In both Milli-Q water and VRMBR WW, IMI (m/z 256) was not detected (Supplementary Fig. 4 and 5, respectively), which shows that O3/UV is a successful treatment application for IMI removal. Moreover, the m/z 209 ion, which was also detected during IMI fragmentation in the ozonation case, was also detected during O3/UV, but it disappeared after 60 min of treatment. It could be either generated by subtracting HNO2 from IMI (Bourgin et al. 2011) or protonated form of IMI olefin desnitro (Ding et al. 2011). Although Ding et al. (2011) studied by-products of IMI photolysis, they observed protonated form of IMI olefin desnitro. In addition to m/z 209 ions, m/z 206 ion was also detected at the almost same level with m/z 209 ions. However, since the m/z 206 ion was detected in the phosphate buffer solution, this ion was not taken into account while evaluating the IMI degradation pathway and produced by-products.

The m/z 253 ion, which was also detected during IMI fragmentation in the ozonation case, was detected during O3/UV in both Milli-Q water and VRMBR WW. After 60 min of treatment, the m/z 253 ion decreased to some degree, but it was not completely removed (Supplementary Fig. 4 and 5, respectively). This suggests that m/z 253 ion may be the last step degradation by-product.

The ion at m/z 186 was observed in only the Milli-Q water case. During O3/UV, m/z 186 ion appeared from the very beginning (5 min of treatment), then decreased and eventually disappeared. The presence of m/z 186 could be via fragmentation of m/z 230, which was mentioned as the way of m/z 186 production during ozonation (Supplementary Fig. 4). However, m/z 230 was not detected during O3/UV. Indeed, this could show that it might be quickly transformed into m/z 186 within the first 5 min of treatment. Moreover, the ion at m/z 270, which was also detected during ozonation, decreased continuously during O3/UV in the VRMBR WW and disappeared to signal noise level (< 1 × 104 area) after 60 min of treatment (Supplementary Fig. 5). Hence, these studies showed that only 4 by-products were observed, and just one of them (m/z 253) remained during O3/UV.

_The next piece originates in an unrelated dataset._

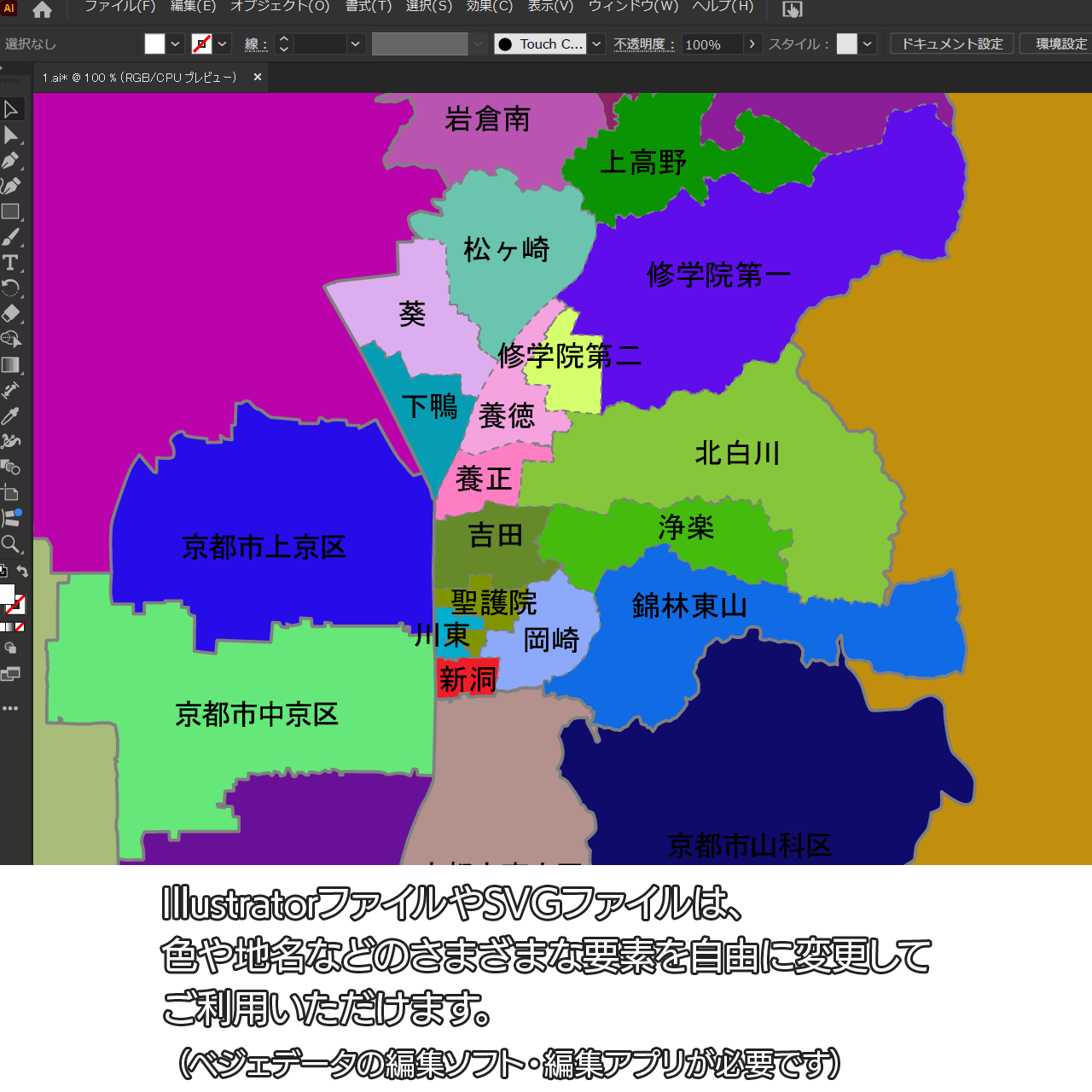AiファイルはAdobe Illustratorで再編集可能な白地図データです。

Although Moza et al. (1998), Wamhoff and Schneider (1999), and Ding et al. (2011) reported 6-chloronicotinic acid as a major degradation product of IMI, we did not detect 6-chloronicotinic acid in our study. One of the reasons could be the low [IMI]0 tested. Another reason that was stated by Ding et al. (2011), 6-chloronicotinic acid is far more sensitive to negative ion ESI mode, whereas our results were obtained in the positive ion ESI mode.

Conclusion

The following conclusions could be drawn from this study:

  • The ozonation, coupled with UV accelerated IMI removal by ozone alone, remarkably, regardless of the wastewater matrix. Almost complete IMI disappearance is achieved within only 10 min.

  • The indirect mechanism (by OH•) dominated the IMI disappearance by ozonation. The rate constants of IMI degradation by O3/OH• and O3-only were calculated as 0.0956 and 0.0595 min−1, respectively.

  • The kinetic study proved that the IMI degradation rate by O3/UV was 4.6–8.7 times higher than by O3 alone, depending on operational conditions and water matrix.

  • The water matrix effect on IMI removal was more pronounced during the O3 process than O3/UV.

  • Fewer by-products were formed in the case of O3/UV than O3 alone.